*** Provided data ***

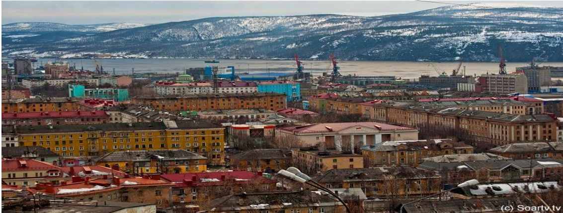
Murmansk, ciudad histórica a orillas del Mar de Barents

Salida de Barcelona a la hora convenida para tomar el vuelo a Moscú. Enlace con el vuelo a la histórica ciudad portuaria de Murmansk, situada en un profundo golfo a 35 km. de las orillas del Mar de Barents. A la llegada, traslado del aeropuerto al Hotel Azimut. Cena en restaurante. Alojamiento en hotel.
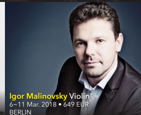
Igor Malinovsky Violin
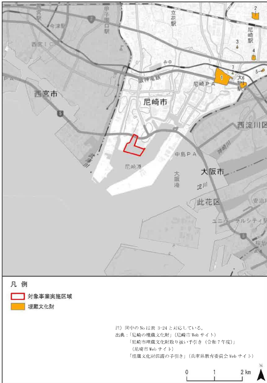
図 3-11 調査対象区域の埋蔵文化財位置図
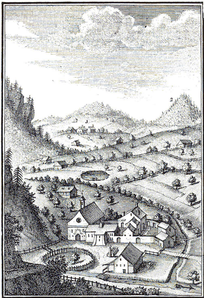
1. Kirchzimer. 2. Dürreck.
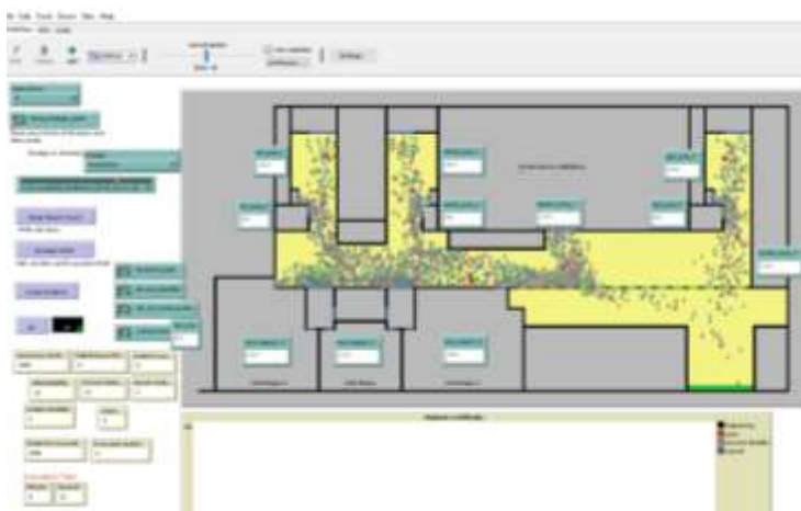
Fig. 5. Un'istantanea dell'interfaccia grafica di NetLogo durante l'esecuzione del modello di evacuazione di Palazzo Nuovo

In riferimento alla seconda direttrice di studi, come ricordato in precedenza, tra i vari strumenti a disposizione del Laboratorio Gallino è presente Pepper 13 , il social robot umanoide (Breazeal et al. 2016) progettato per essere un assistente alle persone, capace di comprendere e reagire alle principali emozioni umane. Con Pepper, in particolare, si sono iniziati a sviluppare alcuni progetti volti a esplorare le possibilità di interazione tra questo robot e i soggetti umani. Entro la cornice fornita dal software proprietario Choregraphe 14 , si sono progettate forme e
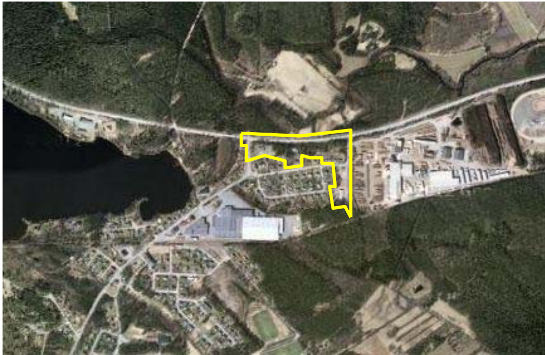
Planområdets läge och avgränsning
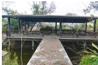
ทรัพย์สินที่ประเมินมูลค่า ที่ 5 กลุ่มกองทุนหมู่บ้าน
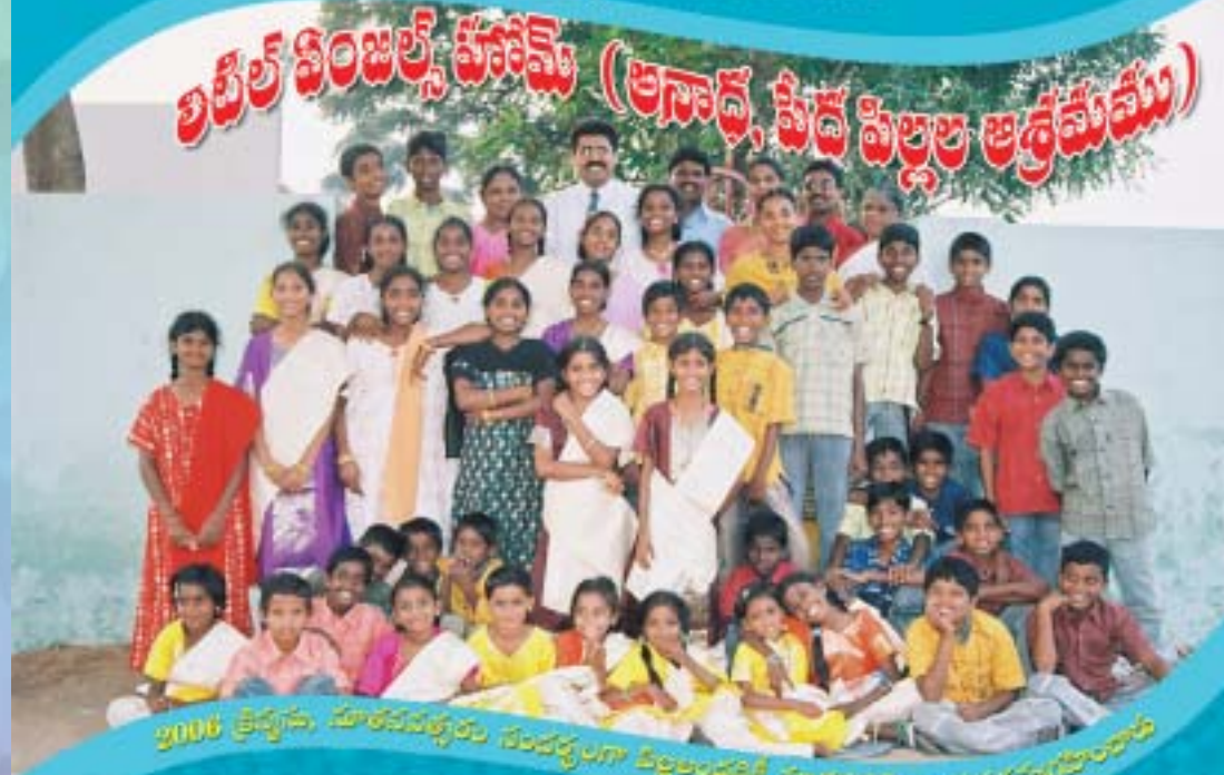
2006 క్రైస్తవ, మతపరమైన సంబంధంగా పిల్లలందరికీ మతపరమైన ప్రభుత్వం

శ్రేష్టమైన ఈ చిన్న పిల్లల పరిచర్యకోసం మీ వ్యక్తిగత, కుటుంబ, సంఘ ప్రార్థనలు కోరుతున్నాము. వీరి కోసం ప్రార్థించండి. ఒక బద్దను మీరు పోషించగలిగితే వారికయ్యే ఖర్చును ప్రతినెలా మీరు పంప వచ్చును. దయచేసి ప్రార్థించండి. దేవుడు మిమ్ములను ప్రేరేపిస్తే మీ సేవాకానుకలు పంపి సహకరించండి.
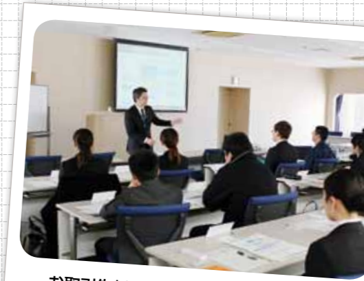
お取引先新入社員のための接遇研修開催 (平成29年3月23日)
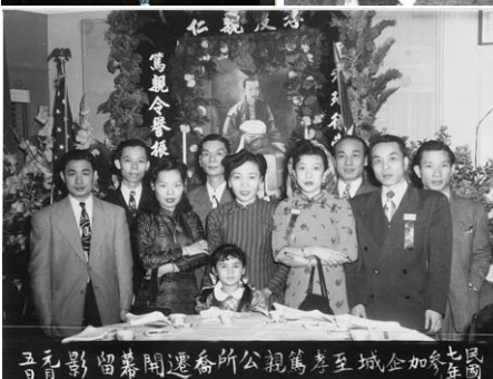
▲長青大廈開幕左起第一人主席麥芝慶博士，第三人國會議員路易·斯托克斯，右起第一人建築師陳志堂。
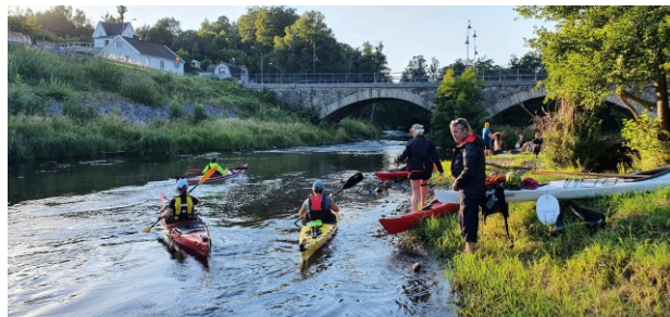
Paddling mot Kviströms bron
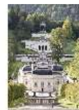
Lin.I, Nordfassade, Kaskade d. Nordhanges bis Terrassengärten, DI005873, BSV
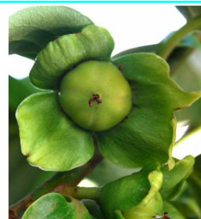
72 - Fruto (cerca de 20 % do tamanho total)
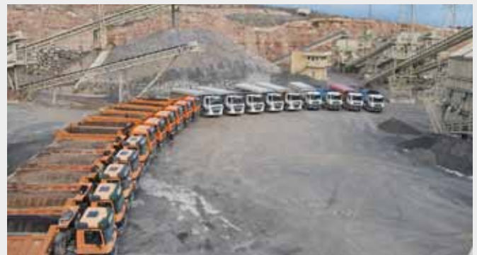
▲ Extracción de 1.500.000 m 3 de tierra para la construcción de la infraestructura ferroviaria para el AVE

*** End of Provided data ***

Goal of the exercise
From the line containing "72 - Fruto (cerca de 20 % do tamanho total)" through the last line of the data above, write out every line word for word, and nothing else. Do not include the pictures.

Response area
72 - Fruto (cerca de 20 % do tamanho total)
▲ Extracción de 1.500.000 m 3 de tierra para la construcción de la infraestructura ferroviaria para el AVE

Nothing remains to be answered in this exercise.